Wizard of OS : Prevention

Percona Server Features

•Enable InnoDB Buffer Pool warming

•Enable userstat for table & index statistics

•Enable verbose slow log

•Enable Query Response Time plugin

Thank You!

•Jervin Real jervin.real@percona.com• Technical Services Manager, APAC

•Michael Coburn michael.coburn@percona.com• Principal Technical Account Manager, USA

Preventing and Resolving MySQL Downtime

Engineering

Transcript of Preventing and Resolving MySQL Downtime

MySQL Reference Manual - HZDR1 General Information About MySQL MySQL.
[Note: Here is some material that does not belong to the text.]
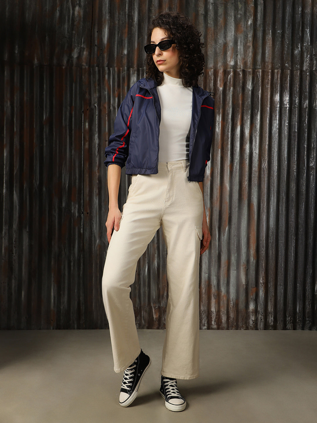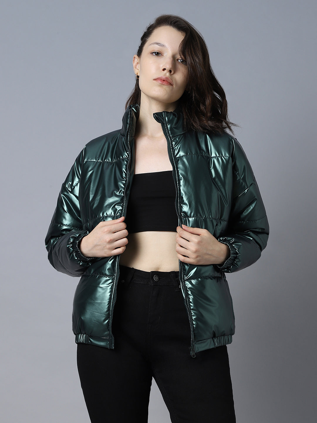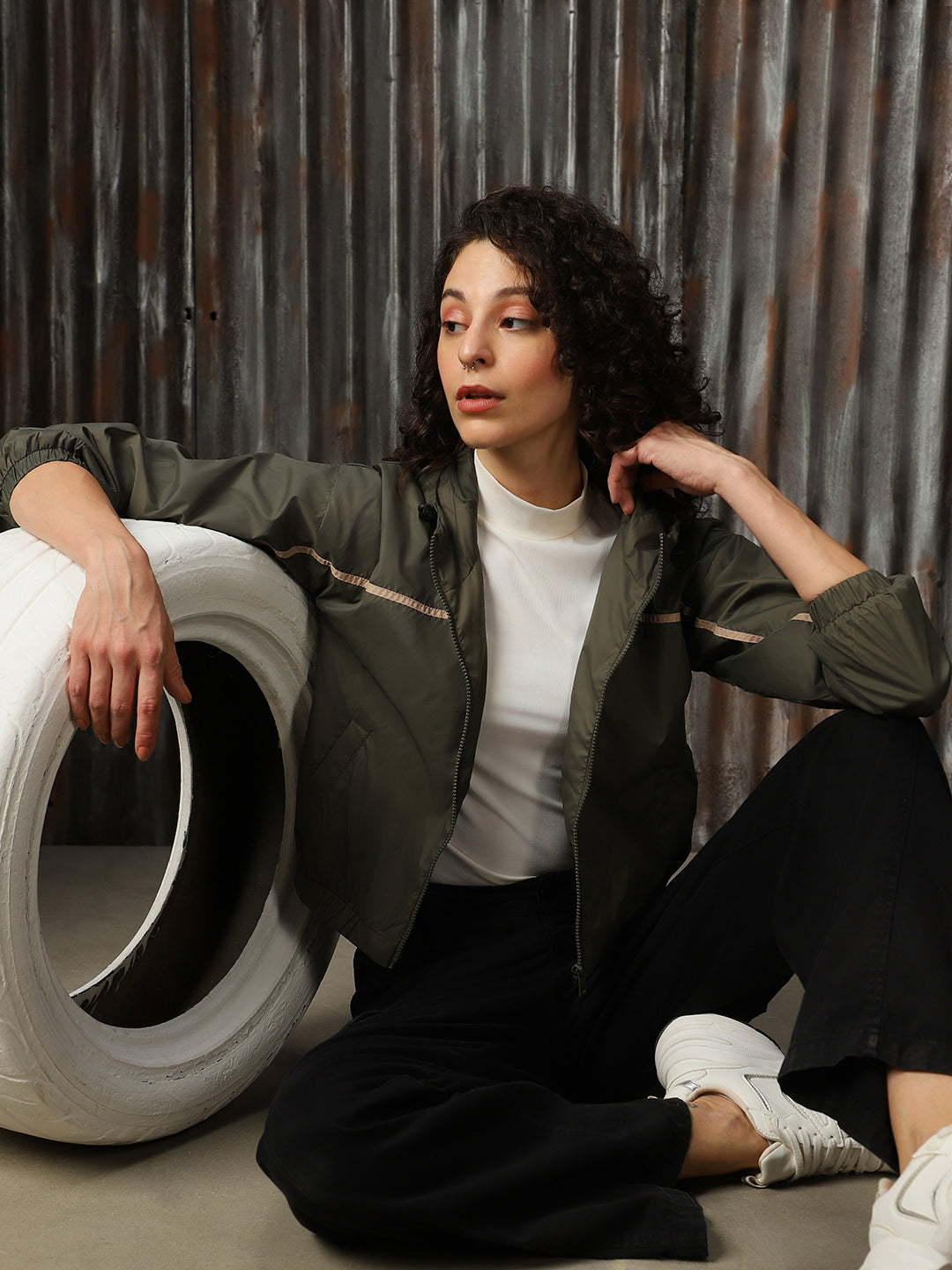 Women Mandarin Collar Long Sleeve Front-Open Sweatshirt

PHP and MySQL php-mysql PHP and MySQL

Why MySQL Enterprise Edition? MySQL Enterprise Edition ...€¦ · MySQL Enterprise Audit Adds regulatory compliance to MySQL applications (HIPAA, Sarbanes-Oxley, PCI, etc.) MySQL

Reduce Downtime

MySQL Replication: Latest Developments · MySQL 5.1.30 row-based replication MySQL 4.0.12 MySQL 4.1.7 MySQL 5.5.8 semi-sync replication MySQL 5.6.10 crash-safe replication metadata

MySQL Introduction to the MySQL products. Agenda Company Overview Open Source & MySQL Momentum Why MySQL? MySQL OEM, Community & Enterprise offerings.
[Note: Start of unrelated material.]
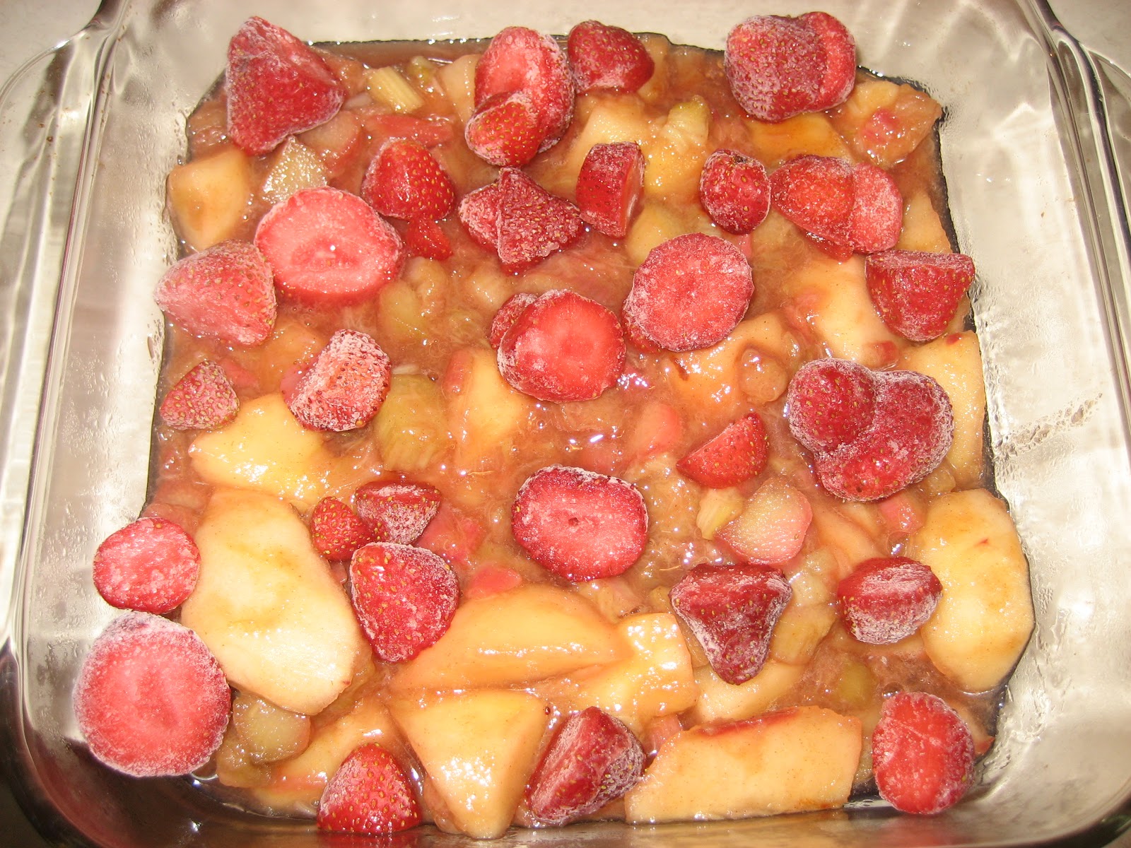 I put the rhubarb mixture in a pan and covered with the frozen strawberries.

Upstream Downstream - FOSDEM · HA Audit MySQL 5.6 MySQL Workbench 6.1 MySQL Utilities MySQL Applier for Hadoop MySQL Workbench 5.2 & 6.0 MySQL Enterprise Oracle Certifications Windows

Clinical Downtime Resource Manual - Welcome to LHSC · failures or software failures. Degrees of Downtime The extent of computer downtime may vary. The downtime may impact only certain

Advanced : Upgrading from Native MySQL Replication to a ...continuent-videos.s3.amazonaws.com/...Native-MySQL... · Upgrade Methods: In Place • Will require downtime – Port change

MySQL Performance Tuning. Part 1: MySQL Configuration (includes MySQL 5.7)
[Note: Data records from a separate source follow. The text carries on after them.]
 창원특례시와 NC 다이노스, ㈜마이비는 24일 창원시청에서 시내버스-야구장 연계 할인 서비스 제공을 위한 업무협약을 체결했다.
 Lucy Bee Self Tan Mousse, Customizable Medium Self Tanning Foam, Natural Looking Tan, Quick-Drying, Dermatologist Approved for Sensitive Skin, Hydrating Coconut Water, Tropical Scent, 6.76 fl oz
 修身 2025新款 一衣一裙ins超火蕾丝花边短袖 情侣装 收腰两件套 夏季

Upgrade to MySQL 5.6 Without Downtime

MySQL High Availability...High Availability •Service Level Agreements (SLAs) Business Requirements based on RTO, RPO, Cost of Downtime Support Tiers (typically 4 tiers) Tier 1 (MySQL

Xenofon Vasilakospages.cs.aueb.gr/~xvas/pdfs/detailedCV.pdf^downtime _ after handover events. Decreasing mobile users [ perception of service ^Downtime _ (i.e., achieving ^Zero Downtime

What Causes Downtime in MySQL, and How Can You Prevent It? · Top Ten Incident Types “Cause” Category Count Percent SQL Performance 20 12.9% Data difference Replication 14 9.1%

MySQL Performance Benchmarks - jonahharris.comjonahharris.com/osdb/mysql/mysql-performance-whitepaper.pdf · MySQL Performance Benchmarks Measuring MySQL’s Scalability and Throughput

MySQL - kuliah.unnes.ac.idkuliah.unnes.ac.id/~hardy/mysql/MySQL-komlan.pdf · mysql>flush privileges ! Reloads the privileges from the grant tables in the database mysql ! An alternative

MySQL Enterprise Monitor€¦ · mysql-monitor.log MySQL log file. Replication 1.dot The calculated MySQL server replication structure preferences.properties MySQL Enterprise Monitor

Resolving and PreventingMySQL Downtime - Percona · • Technical Services Manager – APAC ... 37505085 localhost magento Sending data ... The Percona Live Open Source Database Conference

MySQL Installation Guide. MySQL Downloading MySQL Installer.

Resolving Conflict Resolving Conflict Cards€¦ · Resolving Conflict Cards Resolving Conflict Cards Resolving Conflict Cards A big part of resolving a conflict is managing our emotions.